• [Work instruction]: Transcription, pictures excluded: write out the data below exactly.

--- Data extract ---

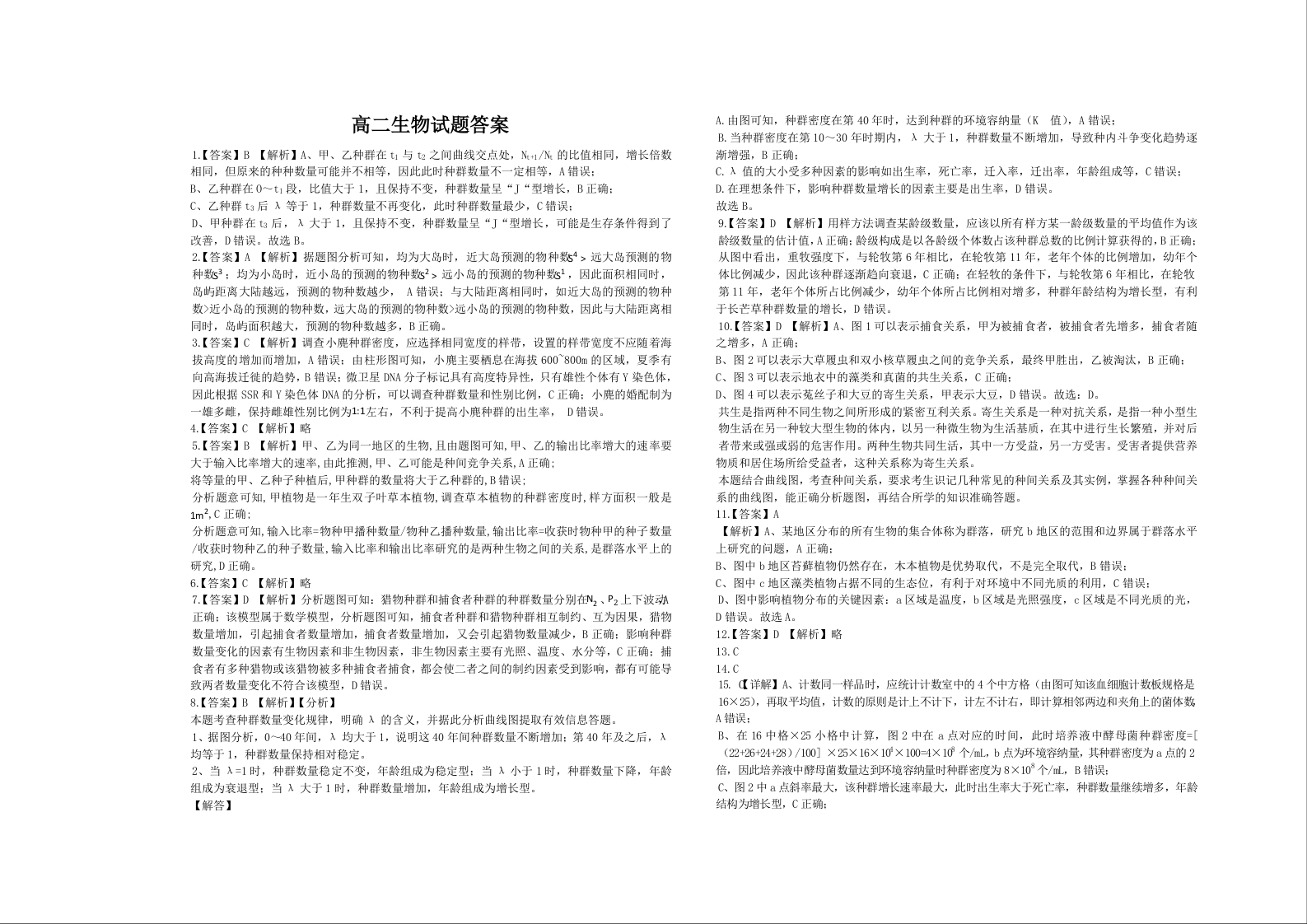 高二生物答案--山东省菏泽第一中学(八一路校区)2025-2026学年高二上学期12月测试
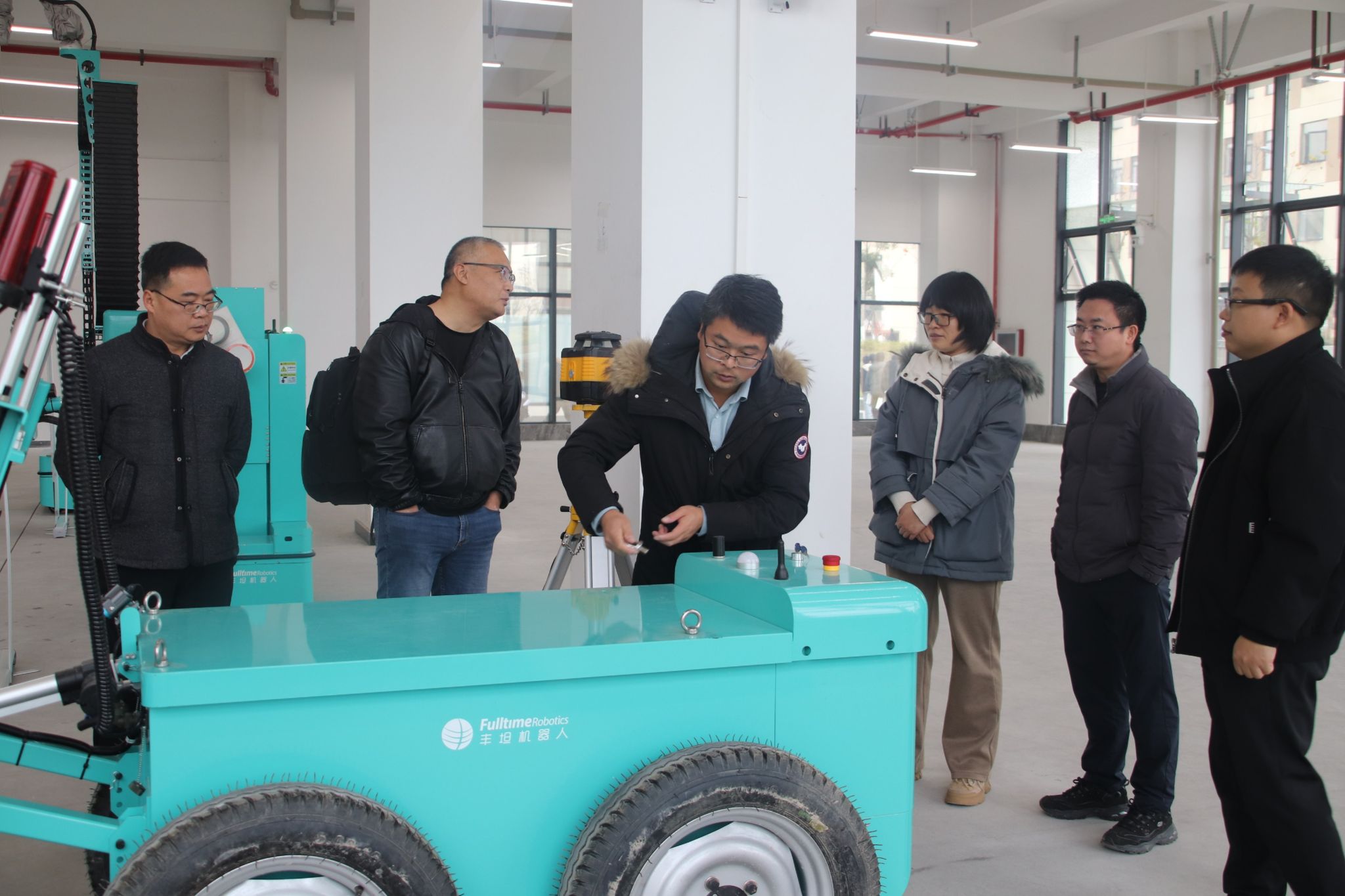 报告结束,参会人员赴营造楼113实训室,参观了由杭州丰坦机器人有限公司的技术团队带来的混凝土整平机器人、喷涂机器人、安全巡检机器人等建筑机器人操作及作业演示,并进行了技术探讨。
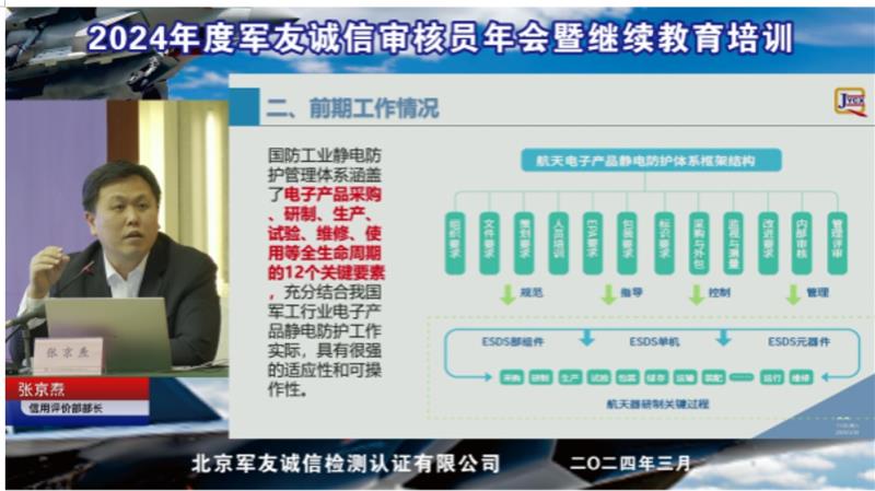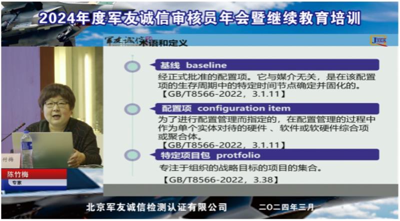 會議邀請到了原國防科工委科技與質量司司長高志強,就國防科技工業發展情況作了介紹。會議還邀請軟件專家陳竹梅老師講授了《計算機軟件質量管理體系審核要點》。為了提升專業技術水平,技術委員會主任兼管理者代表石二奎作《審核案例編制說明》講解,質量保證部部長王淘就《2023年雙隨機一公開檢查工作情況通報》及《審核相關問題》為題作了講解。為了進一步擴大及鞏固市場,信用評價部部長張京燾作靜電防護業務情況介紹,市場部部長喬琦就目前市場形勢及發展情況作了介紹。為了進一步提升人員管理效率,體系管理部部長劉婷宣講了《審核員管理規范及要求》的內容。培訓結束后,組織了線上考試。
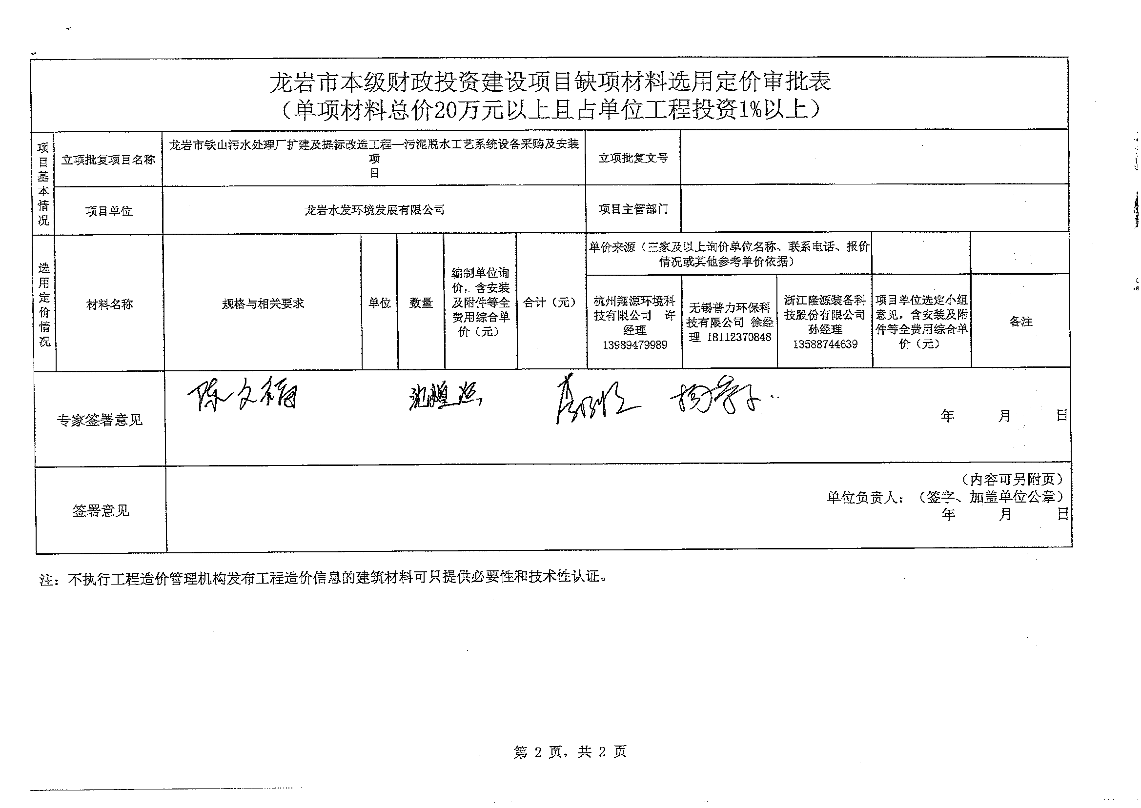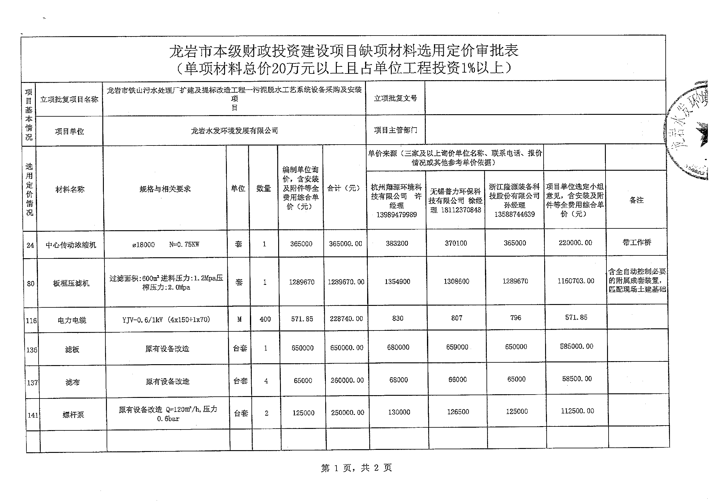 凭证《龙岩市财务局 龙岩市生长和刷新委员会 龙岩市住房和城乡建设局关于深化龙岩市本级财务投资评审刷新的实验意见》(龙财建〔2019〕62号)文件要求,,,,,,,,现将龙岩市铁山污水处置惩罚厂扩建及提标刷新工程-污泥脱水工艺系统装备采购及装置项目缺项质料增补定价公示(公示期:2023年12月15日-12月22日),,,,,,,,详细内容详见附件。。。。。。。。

---

• [Answer box]:
 高二生物答案--山东省菏泽第一中学(八一路校区)2025-2026学年高二上学期12月测试
 报告结束,参会人员赴营造楼113实训室,参观了由杭州丰坦机器人有限公司的技术团队带来的混凝土整平机器人、喷涂机器人、安全巡检机器人等建筑机器人操作及作业演示,并进行了技术探讨。
 會議邀請到了原國防科工委科技與質量司司長高志強,就國防科技工業發展情況作了介紹。會議還邀請軟件專家陳竹梅老師講授了《計算機軟件質量管理體系審核要點》。為了提升專業技術水平,技術委員會主任兼管理者代表石二奎作《審核案例編制說明》講解,質量保證部部長王淘就《2023年雙隨機一公開檢查工作情況通報》及《審核相關問題》為題作了講解。為了進一步擴大及鞏固市場,信用評價部部長張京燾作靜電防護業務情況介紹,市場部部長喬琦就目前市場形勢及發展情況作了介紹。為了進一步提升人員管理效率,體系管理部部長劉婷宣講了《審核員管理規范及要求》的內容。培訓結束后,組織了線上考試。
 凭证《龙岩市财务局 龙岩市生长和刷新委员会 龙岩市住房和城乡建设局关于深化龙岩市本级财务投资评审刷新的实验意见》(龙财建〔2019〕62号)文件要求,,,,,,,,现将龙岩市铁山污水处置惩罚厂扩建及提标刷新工程-污泥脱水工艺系统装备采购及装置项目缺项质料增补定价公示(公示期:2023年12月15日-12月22日),,,,,,,,详细内容详见附件。。。。。。。。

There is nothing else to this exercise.